The Study to Assess AMI Treated With Balloon Angioplasty. (TYPHOON)

September 15, 2009 updated by: Cordis Corporation

Trial to Assess the Use of the Cypher TM Stent in Acute Myocardial Infarction Treated With Balloon Angioplasty

The main objective of this study is to assess the effectiveness and safety of the CYPHER™ (CYPHER SELECT™) (Sirolimus-eluting) stent in reducing the occurrence of a composite endpoint of target vessel failure (TVF) in subjects treated for acute myocardial infarction as compared to a bare metal stent.

Study Overview

Status

Completed

Conditions

Intervention / Treatment

Detailed Description

This is an international, multicenter (up to 52 sites), randomized, single-blind study in patients with an acute myocardial infarction treated with the CYPHER™ (Sirolimus-eluting) stent as compared to the bare stents.

Patients with de novo native coronary artery lesions will be treated with the CYPHER™ (Sirolimus-eluting) stent or a bare stent.

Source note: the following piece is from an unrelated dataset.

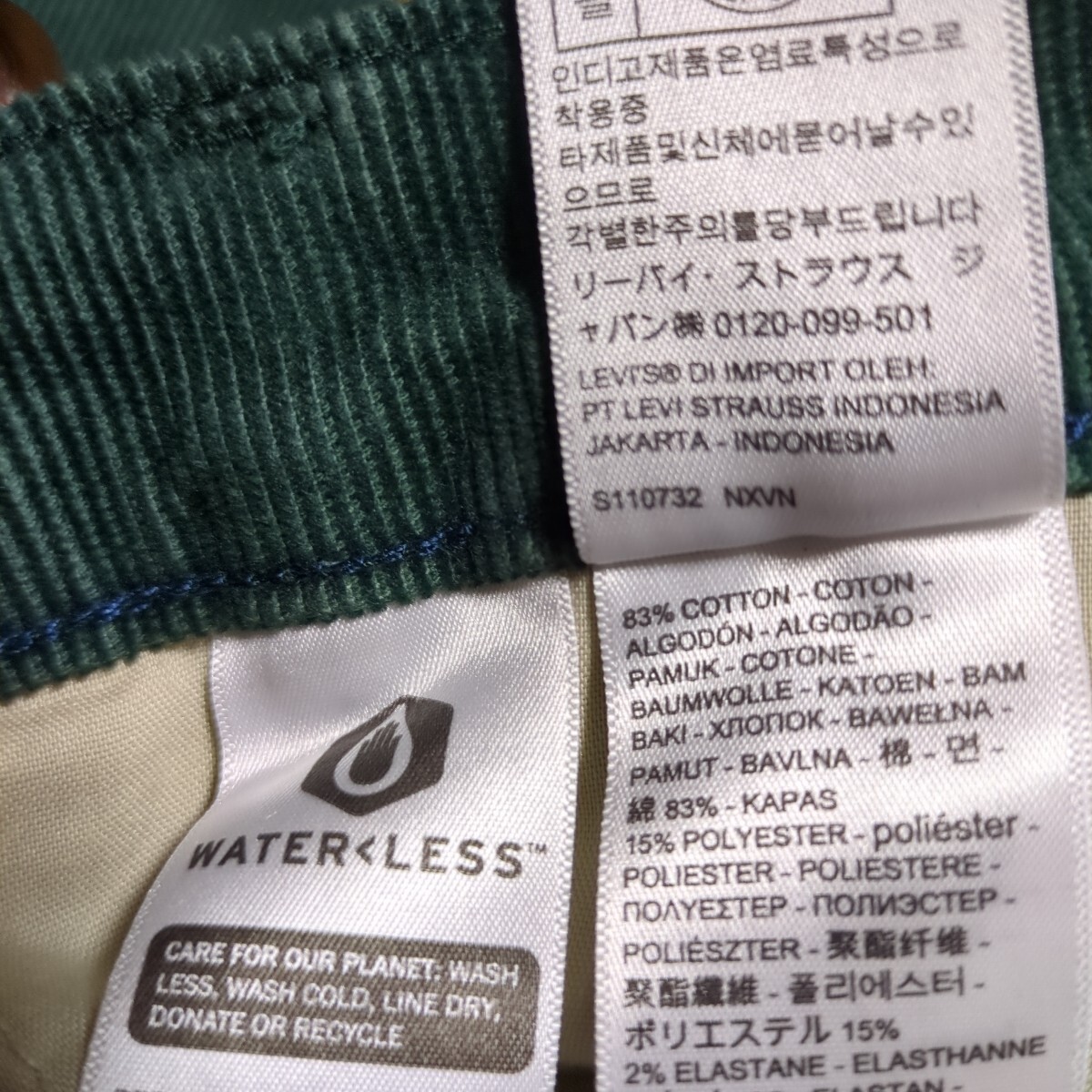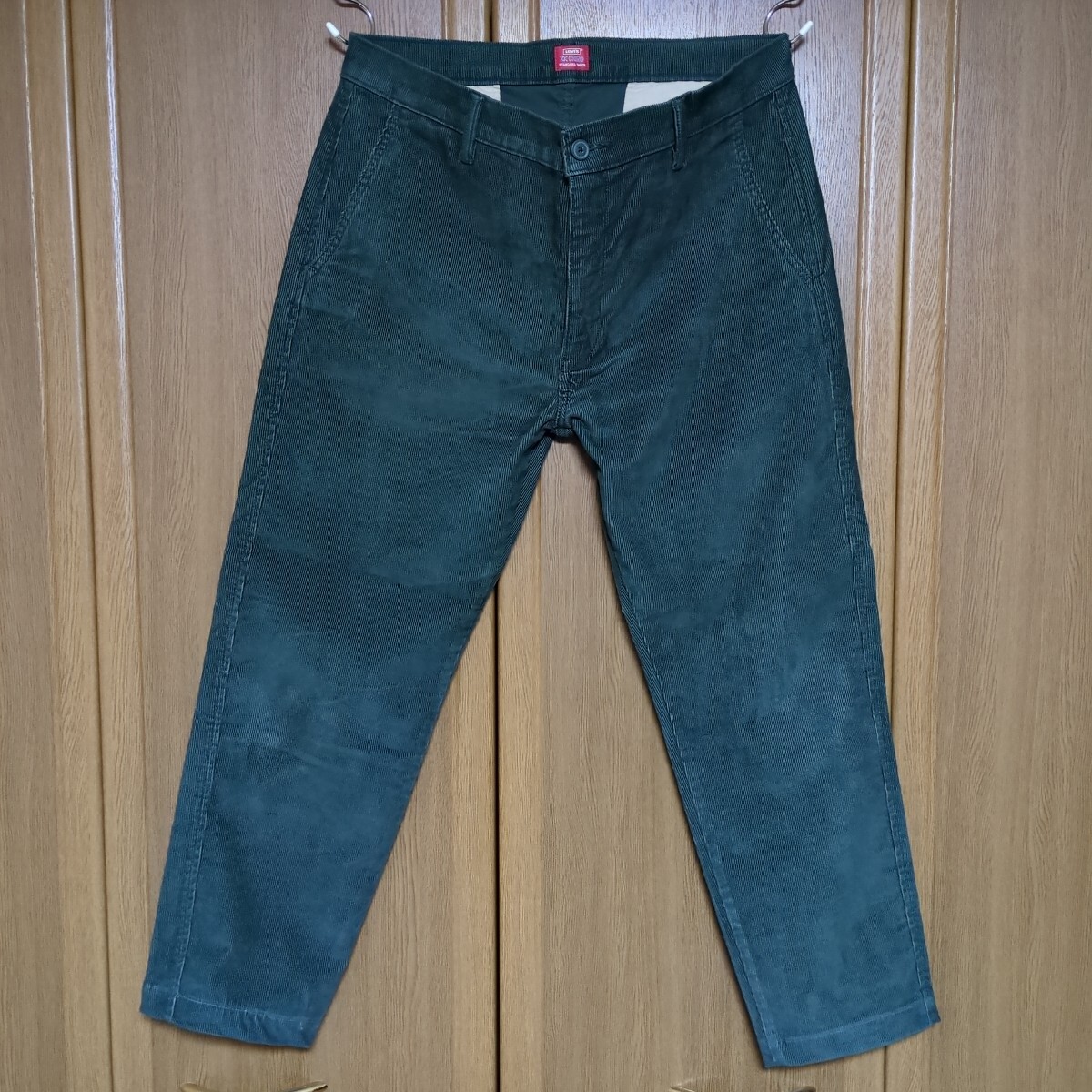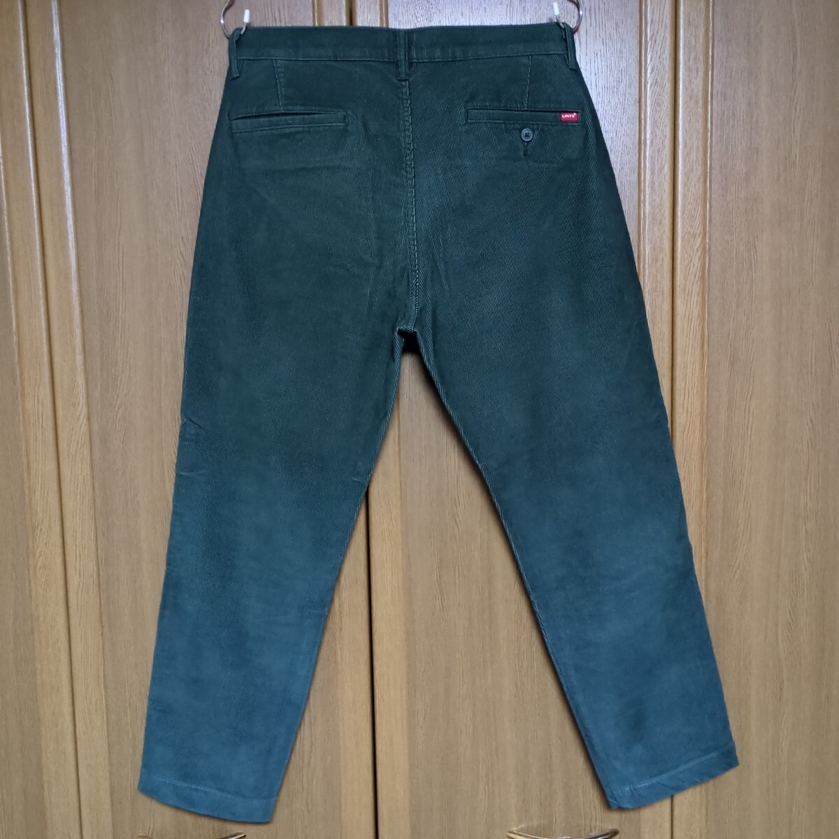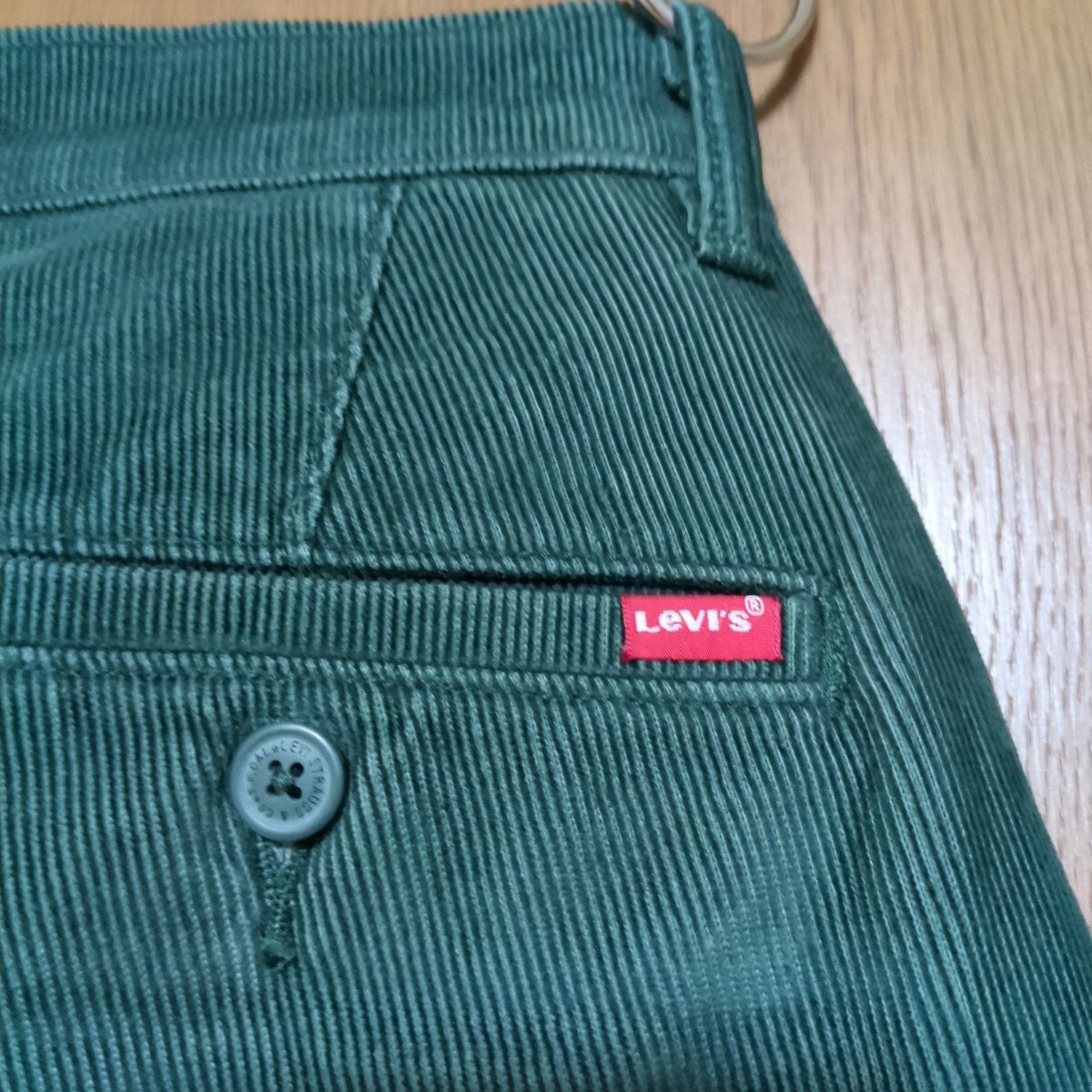 リーバイスのグリーン系のコーデュロイパンツです。若干の使用感ございますが、特に大きなダメージも無く、まだまだ着用して頂けるかと思います。あくまでUSED品になりますので、神経質な方、古着のご理解のない方、入札お断りです。メーカーサイズ表記W34で、平置き採寸で、ウエスト46センチ、股下67、5センチ、前股上28センチ、総丈(サイドで計測)95センチ、太ももあたり28センチ、裾幅19センチです。素人採寸ですので多少の誤差はお許しください。

Subjects will be followed at 30 days, 6 months and at 1, 3, 4 and 5 years post-procedure. 200 subjects will have an angiographic follow-up at 8 months.

Study Type

Interventional

Enrollment (Actual)

715

Phase

  • Phase 3

Contacts and Locations

This section provides the contact details for those conducting the study, and information on where this study is being conducted.

Study Locations

  • France
      • Paris, France, 75014
        • HOPITAL COCHIN, René Descartes University
  • Germany
      • Freiburg, Germany, 79106
        • University of Freiburg, Albert-Ludwigs-Universitätskliniken

Participation Criteria

Researchers look for people who fit a certain description, called eligibility criteria. Some examples of these criteria are a person's general health condition or prior treatments.

Eligibility Criteria

Ages Eligible for Study

18 years and older (Adult, Older Adult)

Accepts Healthy Volunteers

No

Genders Eligible for Study

All

Description

Inclusion Criteria:

  1. Have prolonged, continuous (lasting at least 20 minutes) chest pain despite administration of nitrates and onset within 12 hours of randomization, and one of the following:

    1. ST segment elevation >=1mm in standard leads and >=2mm in 2 or more contiguous precordial leads with reciprocal ST depression
    2. New or presumably new left bundle branch block (LBBB)
  2. The culprit lesion must be identified on a de novo native coronary artery and an emergency angioplasty must be possible. The culprit site must be visualized before the stent implantation;

Exclusion Criteria:

  1. Killip class > 2 upon arrival to the cath-lab;
  2. Significant (>50%) stenosis proximal or distal to the target lesion that might require revascularization or impede inflow or runoff;
  3. Evidence of massive thrombus in the infarct related artery distally to the culprit lesion;
  4. Documented left ventricular ejection fraction <=30%;
  5. Target lesion is located in an arterial or venous by-pass graft;
  6. ECG documented evidence of prior myocardial infarction;
  7. Patient who received thrombolytic therapy for the current AMI before enrollment in this study.

Study Plan

This section provides details of the study plan, including how the study is designed and what the study is measuring.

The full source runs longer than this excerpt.